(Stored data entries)

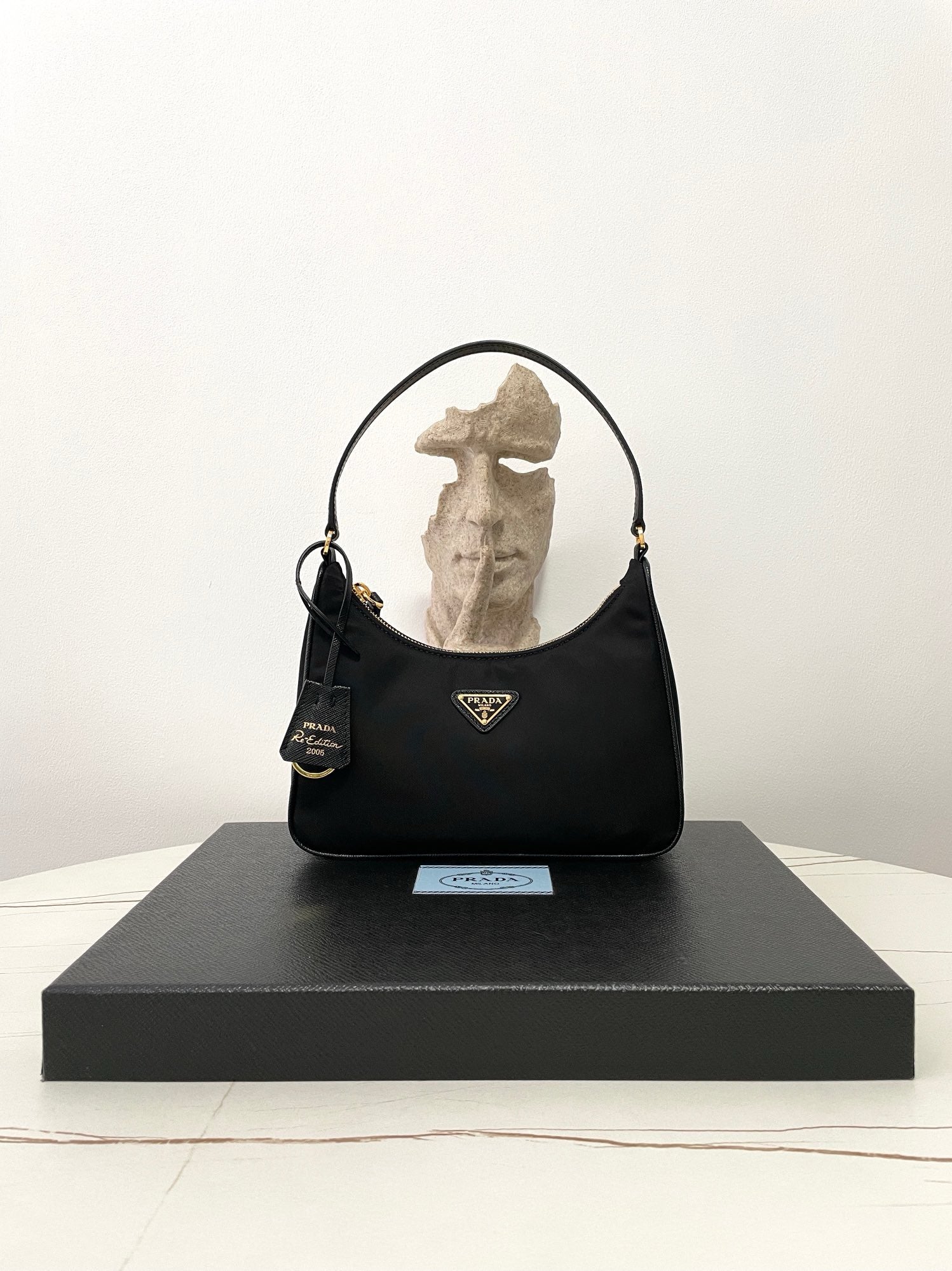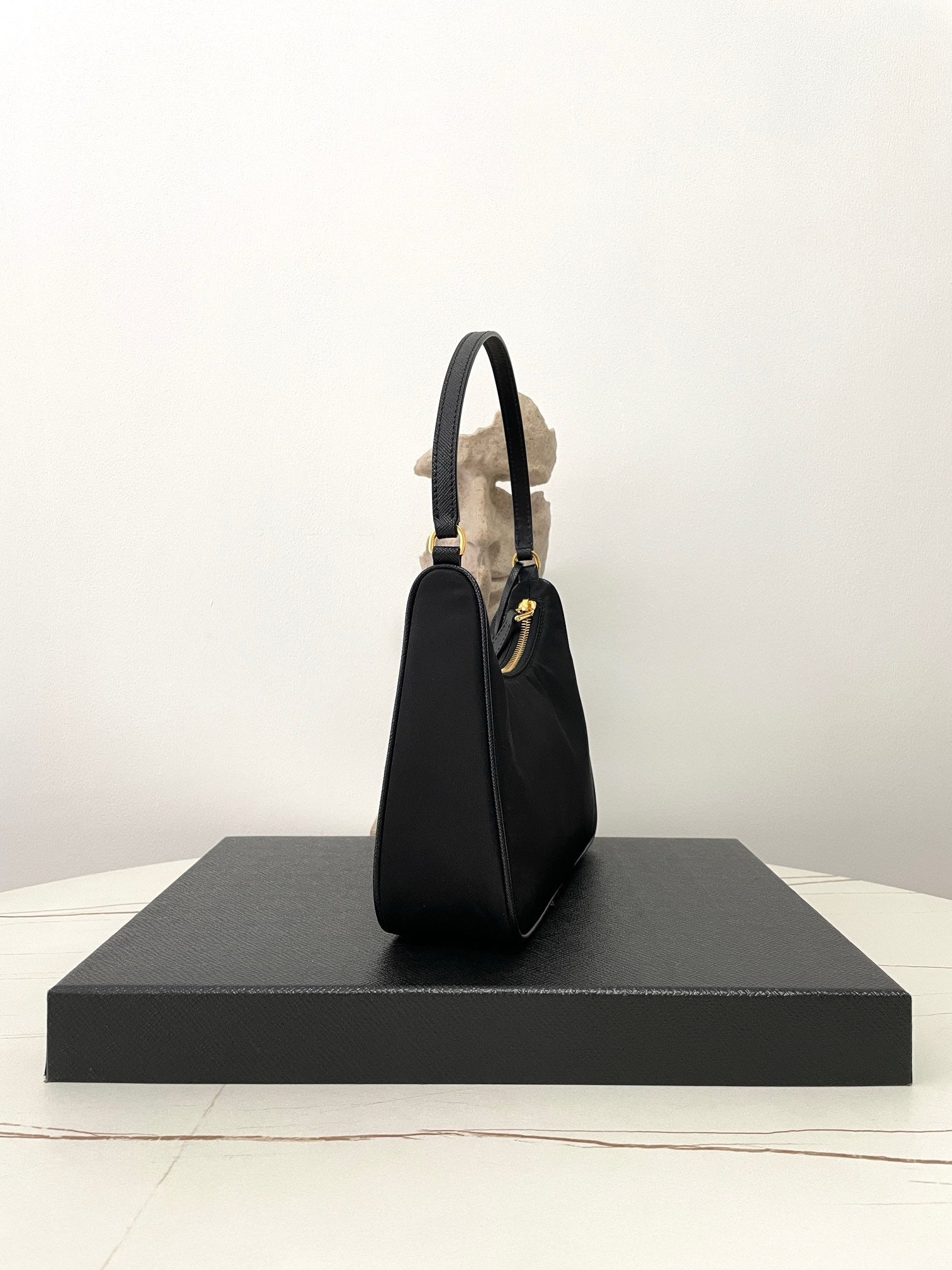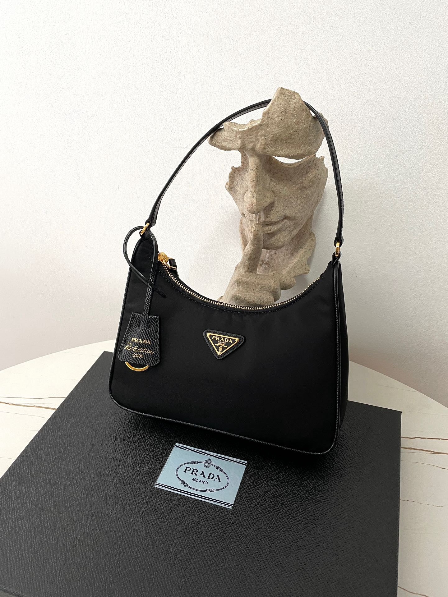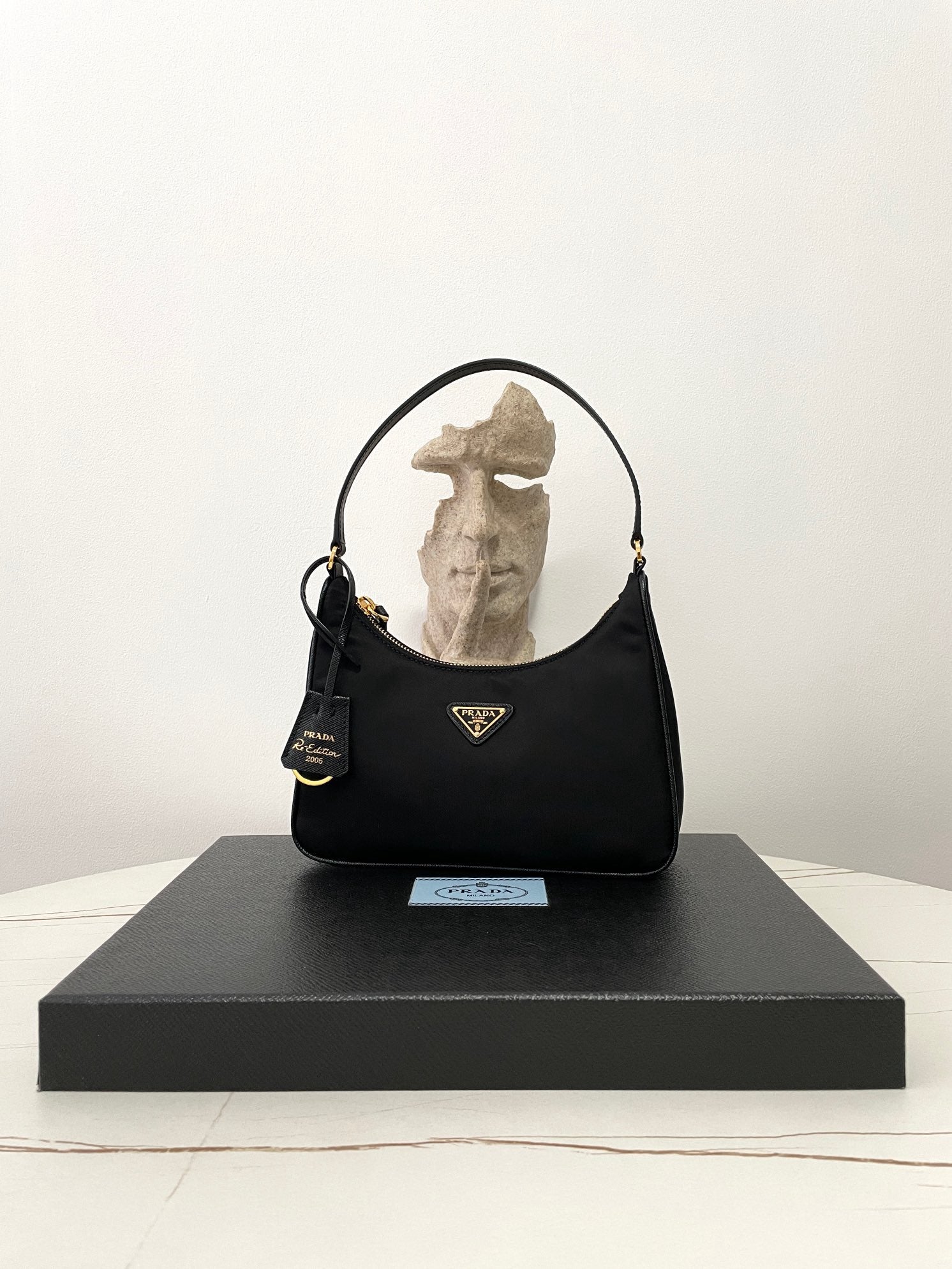 프라다 리에디션 리나일론 호보백 사피아노 핸들 금장(Prada Re-Edition Re-Nylon Hobo Bag with Saffiano Handle and Gold Hardware) - 심플하지만 확실한 존재감
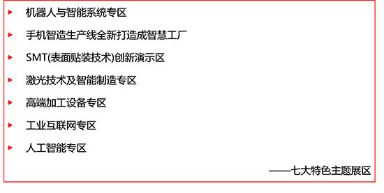 領(lǐng)域涵蓋智能機器人、工業(yè)自動化、系統(tǒng)集成及核心部件、激光、SMT及周邊設(shè)備、工業(yè)互聯(lián)網(wǎng)、人工智能及其他智能裝備等七大主題,集中在1、2、3、4號館展示,是中國華南地區(qū)制造裝備領(lǐng)域de風(fēng)向標!
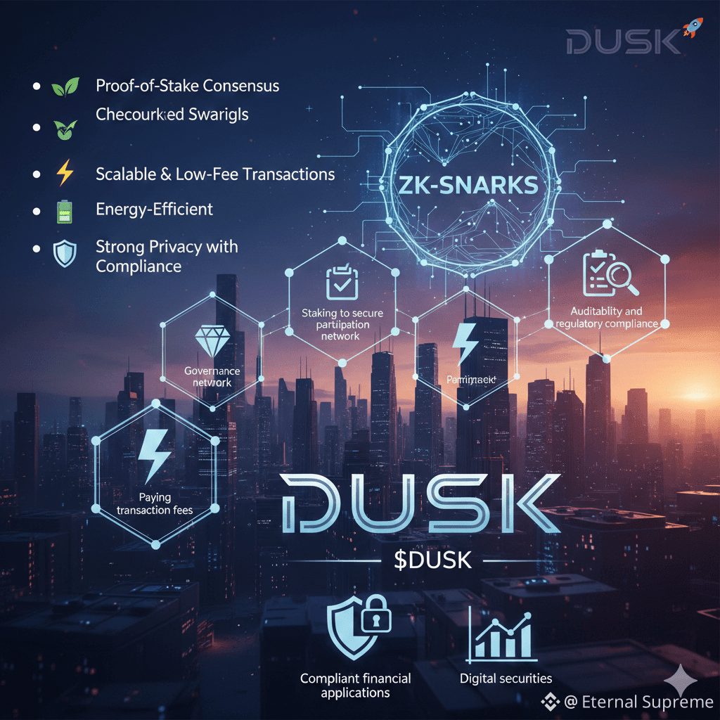 Dusk is designed with privacy at its core, keeping transactions and smart contracts confidential while still being verifiable on-chain.
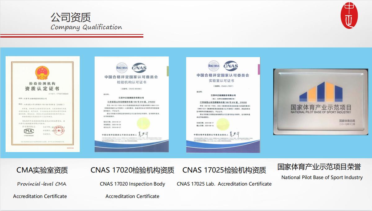 江苏中正检测股份有限公司(简称中正检测),是合法从事国际体育协会检测认证、体育场馆测试、高危场馆检测的第三方服务机构,致力于全球商品供应链的质量鉴定和审核业务,专注于提供各个行业的质量解决方案。
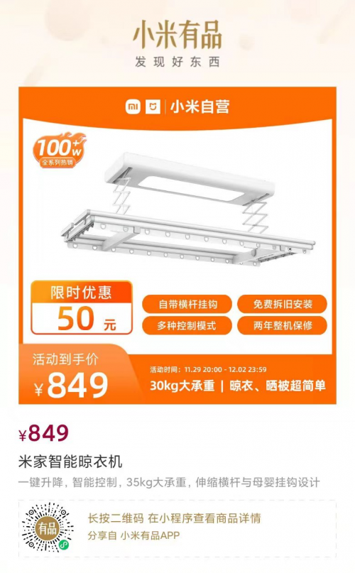 2022年最新戰(zhàn)報(bào)出爐!米家智能晾衣機(jī)銷量突破百萬(wàn)臺(tái)
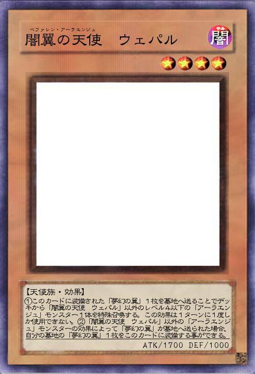 | ①このカードに装備された「夢幻の翼」1枚を墓地へ送ることでデッキから「闇翼の天使 ウェパル」以外のレベル4以下の「アーラエンジュ」モンスター1体を特殊召喚する。この効果は1ターンに1度しか使用できない。②「闇翼の天使 ウェパル」以外の「アーラエンジュ」モンスターの効果によって「夢幻の翼」が墓地へ送られた場合、自分の墓地の「夢幻の翼」1枚をこのカードに装備する事ができる。 | |||
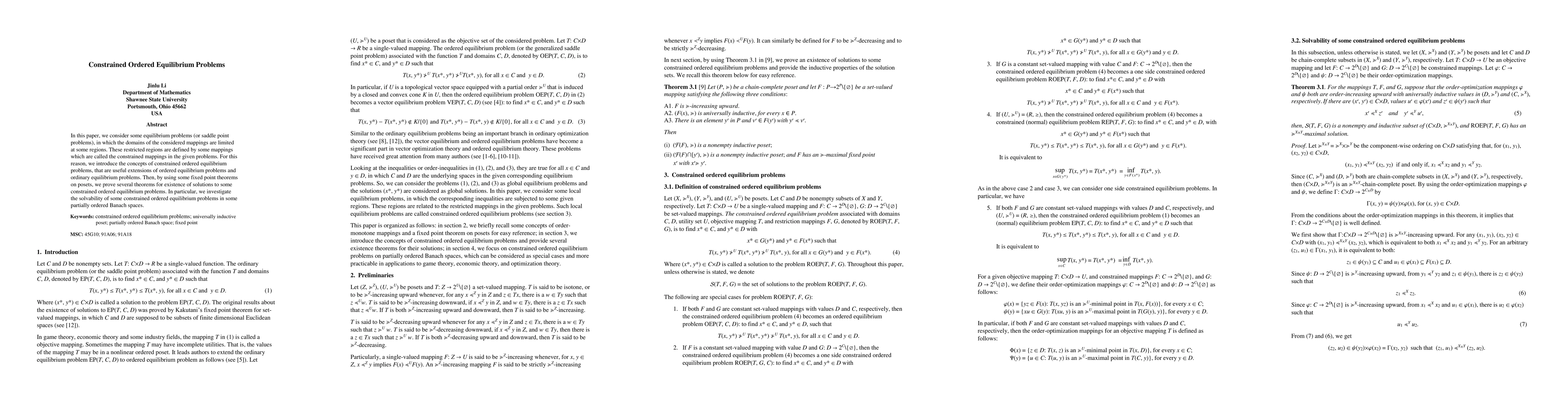 This paper introduces constrained ordered equilibrium problems, extending ordinary equilibrium problems, and proves existence theorems for solutions in partially ordered Banach spaces using fixed point theorems on posets.

- [Assigned task]:
Before duplicating, set the pictures aside; then output exactly the lines from the one with "2022年最新戰(zhàn)" through the end of the records, and only those.

- [Result for this exercise]:
 2022年最新戰(zhàn)報(bào)出爐!米家智能晾衣機(jī)銷量突破百萬(wàn)臺(tái)
 | ①このカードに装備された「夢幻の翼」1枚を墓地へ送ることでデッキから「闇翼の天使 ウェパル」以外のレベル4以下の「アーラエンジュ」モンスター1体を特殊召喚する。この効果は1ターンに1度しか使用できない。②「闇翼の天使 ウェパル」以外の「アーラエンジュ」モンスターの効果によって「夢幻の翼」が墓地へ送られた場合、自分の墓地の「夢幻の翼」1枚をこのカードに装備する事ができる。 | |||
 This paper introduces constrained ordered equilibrium problems, extending ordinary equilibrium problems, and proves existence theorems for solutions in partially ordered Banach spaces using fixed point theorems on posets.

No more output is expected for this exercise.